==== THE DATA ====

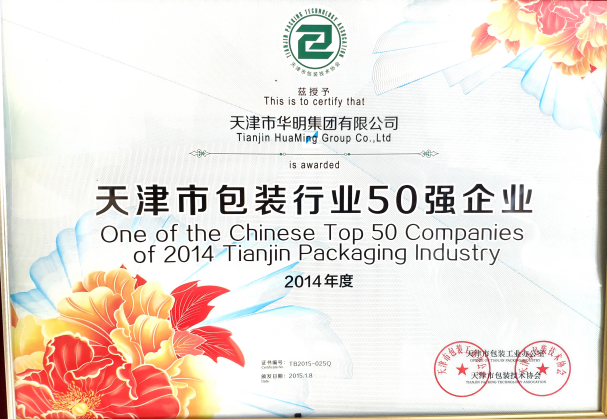 2014年被天津市包裝技術(shù)協(xié)會(huì)評(píng)為天津市包裝行業(yè)50強(qiáng)企業(yè)
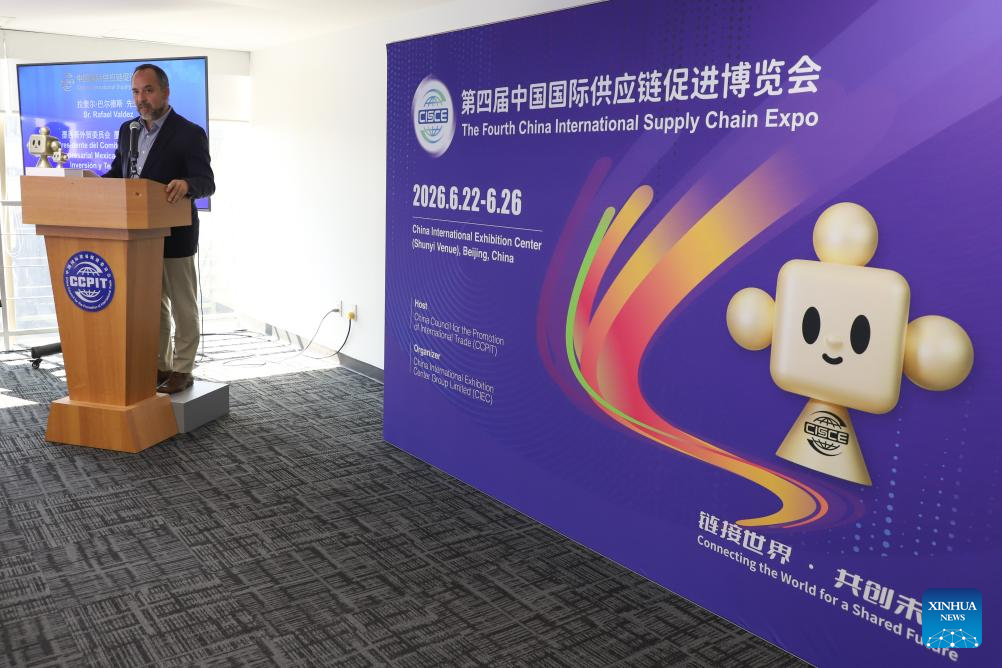 Imagen del 9 de febrero de 2026 del presidente del Comité Empresarial Bilateral México-China del Consejo Empresarial Mexicano de Comercio Exterior, Inversión y Tecnología, Rafael Valdez, hablando durante el evento de presentación de la cuarta Exposición Internacional de la Cadena de Suministro de China (CISCE, siglas en inglés), en la Ciudad de México, capital de México. China y México están comprometidos a profundizar su relación bilateral con el objetivo de que los frutos de la cooperación sigan beneficiando tanto a las industrias como a los pueblos de ambos países, afirmaron expertos el lunes, en el marco de la presentación de la cuarta CISCE. (Xinhua/Daniel Augusto)
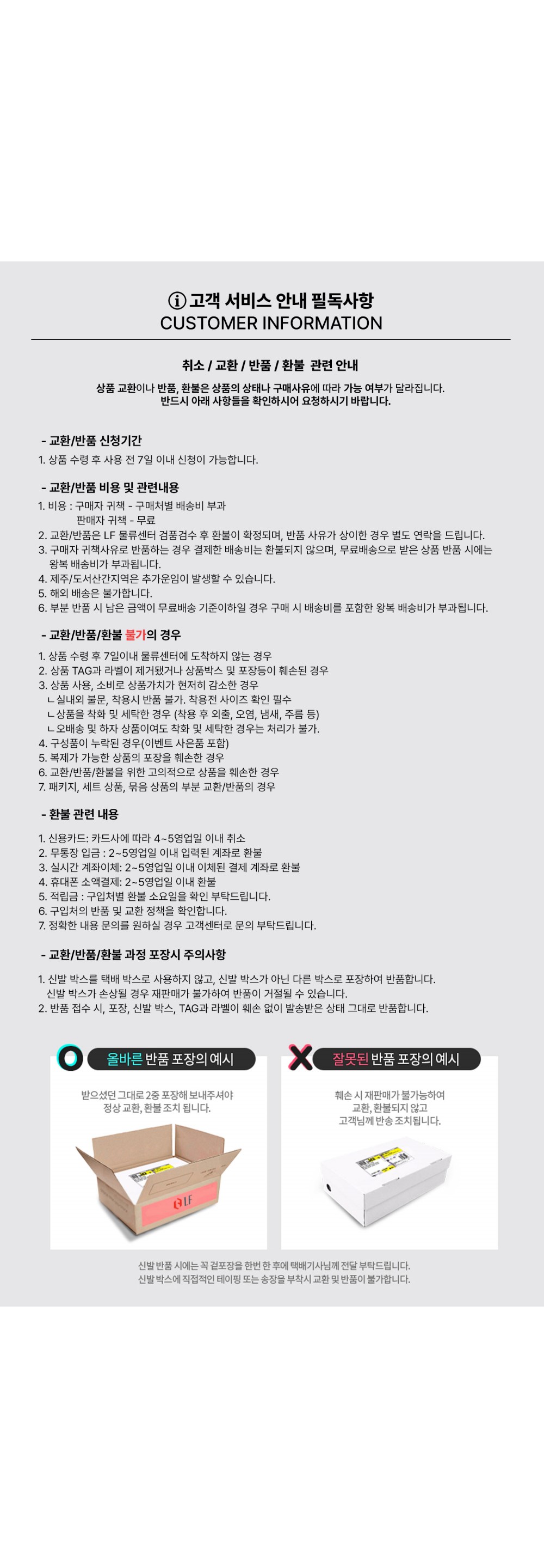 교환 및 반품 안내
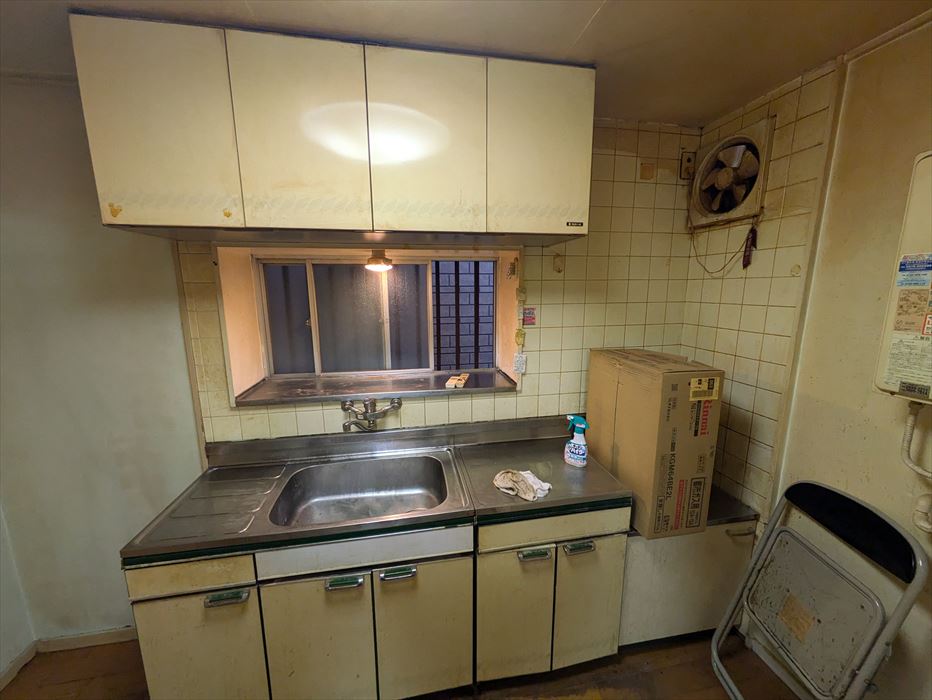 既存キッチンの老朽化に伴い、扉交換・クロス貼替・ダイノックシート施工・塗装の塗り替え、さらにハウスクリーニングまで一括対応。
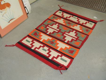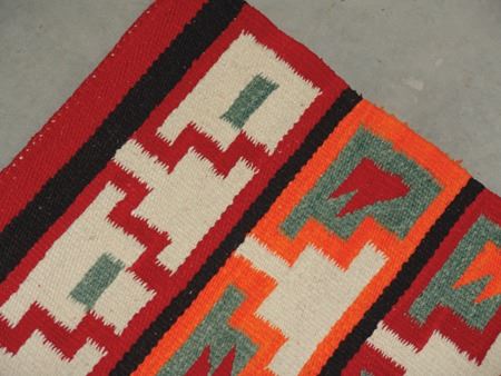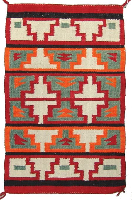 Ca. 1950s, Small colorful regional rug with interesting symbols, geometrics and block pattern. Very good condition, some minor warp exposure. 36" x 23"
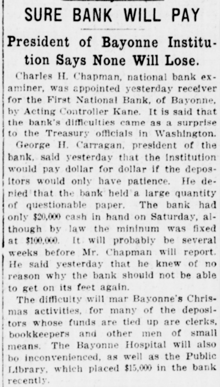 SURE BANK WILL PAY President of Bayonne Institution Says None Will Lose. Charles H. Chapman, national bank examiner, was appointed yesterday receiver for the First National Bank, of Bayonne, by Acting Controller Kane. It is said that the bank's difficulties came as a surprise to the Treasury officials in Washington. George H. Carragan, president of the bank, said yesterday that the Institution would pay dollar for dollar if the depositors would only have patience. He denied that the bank held a large quantity of questionable paper. The bank had only $20,000 cash in hand on Saturday, although by law the mininum was fixed at $100,000. It will probably be several weeks before Mr. Chapman will report. He said yesterday that he knew of no reason why the bank should not be able to get on its feet again. The difficulty will mar Bayonne's Chrismas activities, for many of the depositors whose funds are tied up are clerks, bookkeepers and other men of small means. The Bayonne Hospital will also bo inconvenienced, as well as the Public Library, which placed $15,000 in the bank recently.

====

> TASK TO COMPLETE: Beginning with the line above that contains "既存キッチンの老朽化に伴い、" and ending with the line that contains "Ca. 1950s, Small", quote each line exactly, keeping out the pictures.

> EXERCISE OUTPUT:
 既存キッチンの老朽化に伴い、扉交換・クロス貼替・ダイノックシート施工・塗装の塗り替え、さらにハウスクリーニングまで一括対応。
 Ca. 1950s, Small colorful regional rug with interesting symbols, geometrics and block pattern. Very good condition, some minor warp exposure. 36" x 23"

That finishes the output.